The first concern is that neurons in the lower levels of processing, such as primary visual cortex, should not change much, otherwise the information sent to higher areas would be radically different. I think this problem has a natural solution, because low level areas, by definition are exposed to the raw stimuli from the world. As processing progresses to higher levels, these stimuli gradually get recognized and categorized and finally labeled. It seems then the number of different stimuli a higher level has to deal is much more restricted than a lower level. Consider recognizing faces as an example. Even the different perspectives, lighting conditions and distances a single face can be seen from make it highly unlikely for the primary visual cortex to get the exact same impression of a face twice in a life time. However, at some higher level of the visual system, the face is processed, recognized, and labeled as ``my mother''. At that level of the system, the different inputs one can get is limited by the different number of people one can recognize. Because long term potentiation requires repetition of the input stimuli, it is natural that changes due to learning do not easily occur in a low level system, but memories are usually formed in higher level systems.
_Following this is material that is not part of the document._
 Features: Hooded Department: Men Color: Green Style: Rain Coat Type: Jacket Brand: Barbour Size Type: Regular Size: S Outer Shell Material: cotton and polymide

Second concern is how we remember ideas and thoughts, if sensory experience is what changes the sensory systems and forms memories. This would not be a concern, if ideas and thoughts are just a complicated mosaic of sensory imaginations, presumably at higher perceptual fields and association fields. There is evidence from the visual imagery work that thinking and perceiving may be using the exact same machinery. If we understand and think in terms of our lower level sensory primitives, we do not need any extra machinery to have memories about our thoughts.
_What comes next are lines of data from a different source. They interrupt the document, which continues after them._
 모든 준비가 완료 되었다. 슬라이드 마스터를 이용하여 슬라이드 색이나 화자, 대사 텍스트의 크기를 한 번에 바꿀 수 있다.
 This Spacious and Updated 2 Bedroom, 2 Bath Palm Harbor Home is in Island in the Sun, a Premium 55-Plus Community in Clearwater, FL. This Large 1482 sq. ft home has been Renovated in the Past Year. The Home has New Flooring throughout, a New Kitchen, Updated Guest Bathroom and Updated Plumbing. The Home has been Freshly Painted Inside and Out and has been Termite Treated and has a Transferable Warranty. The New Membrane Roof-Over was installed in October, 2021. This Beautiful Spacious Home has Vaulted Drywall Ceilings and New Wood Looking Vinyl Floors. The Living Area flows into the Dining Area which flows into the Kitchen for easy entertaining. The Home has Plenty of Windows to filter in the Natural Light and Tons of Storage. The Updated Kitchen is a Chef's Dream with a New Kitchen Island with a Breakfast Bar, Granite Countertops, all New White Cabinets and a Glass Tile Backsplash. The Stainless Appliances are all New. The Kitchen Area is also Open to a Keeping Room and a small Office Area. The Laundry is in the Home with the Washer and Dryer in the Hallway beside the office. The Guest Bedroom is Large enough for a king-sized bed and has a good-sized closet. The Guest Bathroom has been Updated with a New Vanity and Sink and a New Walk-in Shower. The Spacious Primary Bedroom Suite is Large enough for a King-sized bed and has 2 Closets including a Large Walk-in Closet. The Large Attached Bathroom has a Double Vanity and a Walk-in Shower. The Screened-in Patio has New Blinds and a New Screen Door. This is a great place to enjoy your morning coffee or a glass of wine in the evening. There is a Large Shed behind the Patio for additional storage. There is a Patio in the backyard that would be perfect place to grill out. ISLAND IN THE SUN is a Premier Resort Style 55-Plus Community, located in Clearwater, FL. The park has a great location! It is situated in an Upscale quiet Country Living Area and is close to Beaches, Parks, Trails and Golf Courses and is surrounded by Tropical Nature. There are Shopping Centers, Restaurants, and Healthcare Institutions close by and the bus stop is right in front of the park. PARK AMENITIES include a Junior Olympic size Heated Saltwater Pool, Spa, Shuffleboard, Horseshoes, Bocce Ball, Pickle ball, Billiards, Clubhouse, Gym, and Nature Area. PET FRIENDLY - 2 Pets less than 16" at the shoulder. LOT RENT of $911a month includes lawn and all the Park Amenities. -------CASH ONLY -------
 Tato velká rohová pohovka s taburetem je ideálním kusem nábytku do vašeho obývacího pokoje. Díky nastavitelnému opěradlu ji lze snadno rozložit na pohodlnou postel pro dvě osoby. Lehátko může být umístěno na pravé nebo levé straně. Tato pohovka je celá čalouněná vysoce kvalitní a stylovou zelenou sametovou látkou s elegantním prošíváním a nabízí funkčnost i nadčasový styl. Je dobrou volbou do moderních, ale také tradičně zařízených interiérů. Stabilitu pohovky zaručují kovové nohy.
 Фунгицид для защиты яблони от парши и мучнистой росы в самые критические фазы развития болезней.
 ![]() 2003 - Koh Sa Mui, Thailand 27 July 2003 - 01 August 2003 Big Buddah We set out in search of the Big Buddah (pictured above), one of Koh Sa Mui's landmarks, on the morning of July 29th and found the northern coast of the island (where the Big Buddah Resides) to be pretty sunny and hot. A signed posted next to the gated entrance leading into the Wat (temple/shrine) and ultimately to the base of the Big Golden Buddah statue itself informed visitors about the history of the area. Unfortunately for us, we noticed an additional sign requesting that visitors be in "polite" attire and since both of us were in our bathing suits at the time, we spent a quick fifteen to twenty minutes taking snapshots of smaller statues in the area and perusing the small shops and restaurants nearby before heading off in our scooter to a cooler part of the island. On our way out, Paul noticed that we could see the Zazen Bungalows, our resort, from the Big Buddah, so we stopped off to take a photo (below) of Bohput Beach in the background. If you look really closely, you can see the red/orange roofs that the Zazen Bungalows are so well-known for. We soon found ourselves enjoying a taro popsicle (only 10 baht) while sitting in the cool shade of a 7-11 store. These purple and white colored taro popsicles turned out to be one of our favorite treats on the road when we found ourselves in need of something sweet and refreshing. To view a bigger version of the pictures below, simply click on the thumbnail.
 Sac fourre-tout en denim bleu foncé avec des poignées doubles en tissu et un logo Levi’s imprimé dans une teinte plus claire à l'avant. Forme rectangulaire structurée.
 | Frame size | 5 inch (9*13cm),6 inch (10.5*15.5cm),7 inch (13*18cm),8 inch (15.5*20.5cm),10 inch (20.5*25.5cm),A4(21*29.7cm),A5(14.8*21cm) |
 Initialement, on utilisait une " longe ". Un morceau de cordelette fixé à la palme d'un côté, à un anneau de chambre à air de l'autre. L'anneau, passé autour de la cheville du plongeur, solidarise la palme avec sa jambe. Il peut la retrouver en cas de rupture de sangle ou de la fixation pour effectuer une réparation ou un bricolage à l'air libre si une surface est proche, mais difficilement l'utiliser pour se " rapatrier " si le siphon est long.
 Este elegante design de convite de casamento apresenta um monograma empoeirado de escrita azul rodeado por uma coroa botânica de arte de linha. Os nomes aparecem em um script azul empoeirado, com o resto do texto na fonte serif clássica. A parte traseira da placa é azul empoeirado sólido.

The final question is how we find specific memories, if they are widely distributed in large cell assemblies. This would really be an impossible problem if brain was organized like a computer where processing and memory are in two different locations, connected to each other with a narrow bottleneck. However it does not seem very likely that the same organization exists in the brain. Processing and memory are probably handled by the same underlying hardware. If this is the case, then just as a system can recognize an external stimuli and activate its related parts, it can also recognize an internal stimuli, generated by the activation of another system in the brain. Remembering can be like a chain reaction. A small activation in a single system, maybe caused by an external stimuli, or a previous piece of thought, first activates the related parts of this system. Then this activation grows like a snowball, and connected systems start activating their own relevant memories. It is wrong to restrict oneself to think that something searches inside the head and finds the memories that we want. It is probable that the memories sense when they become relevant and jump into our attention. Given that we hold millions of bits of information at a given time in our long term memory, the fact that we can find anything relevant when we want to think about a particular thing, can only be explained by a parallel processing system of this sort.